İşte Hizbullah ve liderinin neden İsrail-Hamas savaşının gidişatında kilit oyuncular olduğuna bir bakış.

HİZBULLAH NEDİR?

Şii Müslüman Hizbullah, Direniş Ekseni olarak bilinen bölgedeki İran destekli grup ve hükümetlerden biri.

1982’de Lübnan’daki iç savaş sırasında kurulan Hizbullah’ın ilk hedefi, İsrail’in Güney Lübnan’daki işgalini sona erdirmekti ve bunu 2000 yılında başardı. Bu, İran’ın kendi siyasal İslamcılık markasını ihraç etmek için yatırım yaptığı ilk gruptu.

Grup, ilk günlerinde ABD hedeflerine de saldırılar gerçekleştirerek Washington’un onu terör örgütü olarak tanımlamasına neden oldu.

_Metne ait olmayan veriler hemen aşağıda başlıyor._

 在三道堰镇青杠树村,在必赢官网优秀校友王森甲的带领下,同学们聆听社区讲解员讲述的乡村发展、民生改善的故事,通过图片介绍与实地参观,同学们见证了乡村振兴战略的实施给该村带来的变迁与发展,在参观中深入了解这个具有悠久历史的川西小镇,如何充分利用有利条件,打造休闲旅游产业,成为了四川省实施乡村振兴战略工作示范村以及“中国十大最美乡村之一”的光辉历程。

Londra’daki SOAS Orta Doğu Enstitüsü müdürü Lina Khatib, “İran’ın desteği, Hizbullah’ın Lübnan’ın en güçlü siyasi aktörü ve İran’ın tüm Ortadoğu’da desteklediği en donanımlı askeri aktör olarak konumunu sağlamlaştırmasına yardımcı oldu” dedi. Associated Press.

2006’da Hizbullah savaşçıları bir İsrail devriyesini pusuya düşürüp iki İsrail askerini rehin aldıktan sonra, Hizbullah ve İsrail, beraberlikle sonuçlanan bir ay süren bir savaş yaptı; ancak bu, İsrail bombardımanının güney Lübnan’da geniş çapta yıkıma yol açmasından önceydi.

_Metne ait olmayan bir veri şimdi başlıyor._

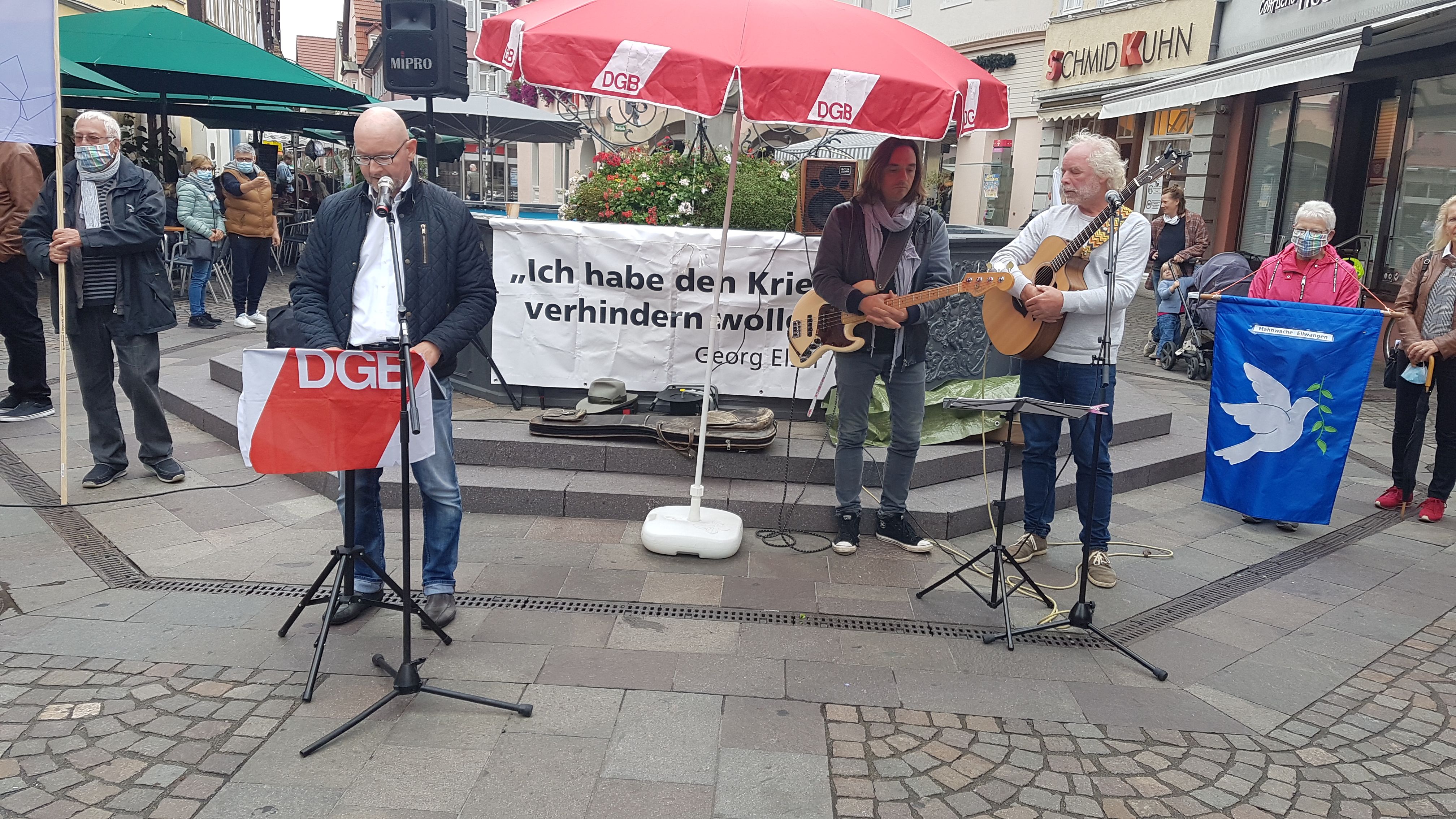 Mit dem Einfall der deutschen Wehrmacht in Polen am 1. September 1939 begann der zweite Weltkrieg. Ein Jahr nach der Einführung der allgemeinen Wehrpflicht 1956 haben sich zunächst Jugendorganisationen und dann der DGB dafür stark gemacht, dass dieser Tag nicht in Vergessenheit gerät. Rund 100 Teilnehmer und Teilnehmerinnen versammelten sich auch dieses Jahr auf Einladung des DGB am Marktbrunnen in Aalen. Die passenden Lieder zwischen den Redebeiträgen steuerten Betriebsseelsorger Rolf Siedler und Markus Braun bei. „Es ist an der Zeit!“ – Hannes Waders Adaption von „No man's land“ hat in diesen angespannten Zeiten nicht an Aktualität eingebüßt.

O zamanlar İsrail’in hedefi Hamas’la olan mevcut savaşına benziyordu: Hizbullah’ı ortadan kaldırmak. Bunun yerine grup daha da güçlendi; yalnızca silahlı bir güç olarak değil, aynı zamanda Lübnan’daki önemli bir siyasi parti olarak da.

Ancak ülke içindeki muhalifler Hizbullah’ı cephaneliğini korumak ve hükümete hakim olmak nedeniyle eleştirdi. Lübnan hükümetinin özel telekomünikasyon ağına karşı önlemler almasının ardından Mayıs 2008’de Beyrut’un bir bölümünü kısa süreliğine ele geçirdiğinde de itibarı zedelendi.

HASSAN NASRALLAH KİMDİR?

1960 yılında Beyrut’un Bourj Hammoud banliyösünde fakir bir Şii ailede doğan ve daha sonra güney Lübnan’a yerleşen Nasrallah, teoloji okudu ve Hizbullah’ın kurucularından biri olmadan önce Şii siyasi ve paramiliter bir örgüt olan Emel hareketine katıldı.

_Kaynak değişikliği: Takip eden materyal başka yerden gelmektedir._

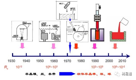 塊體非晶經(jīng)過三十多年的發(fā)展,從貴金屬的Pd基和Pt基到相對廉價的Zr基、Hf基和La基,甚至更低廉的Cu基、Ti基和Fe基。制備技術(shù)也有了新的發(fā)展。

Selefinin İsrail saldırısında öldürülmesinin ardından 1992 yılında Hizbullah’ın lideri oldu. Nasrallah şu anda Lübnan’daki en güçlü siyasi figürlerden biri olarak duruyor.

İsrail’in güneyden çekilmesine başkanlık etmesi ve 2006 savaşına liderlik etmesi nedeniyle pek çok kişi tarafından idolleştirilen onun imajı, Lübnan, Suriye ve Arap dünyasındaki diğer ülkelerdeki reklam panolarında ve hediyelik eşya dükkanlarındaki aletlerde yer alıyor. Ancak kendisini ülkelerinin kaderini İran’a bağlamakla suçlayan Lübnanlılar arasında da muhalefetle karşı karşıya.

Nasrallah’ın aynı zamanda pragmatik ve siyasi tavizler verebilecek biri olduğu da düşünülüyor.

İsrail suikastından korktuğu için yıllardır saklanarak yaşıyor ve konuşmalarını açıklanmayan yerlerden yapıyor.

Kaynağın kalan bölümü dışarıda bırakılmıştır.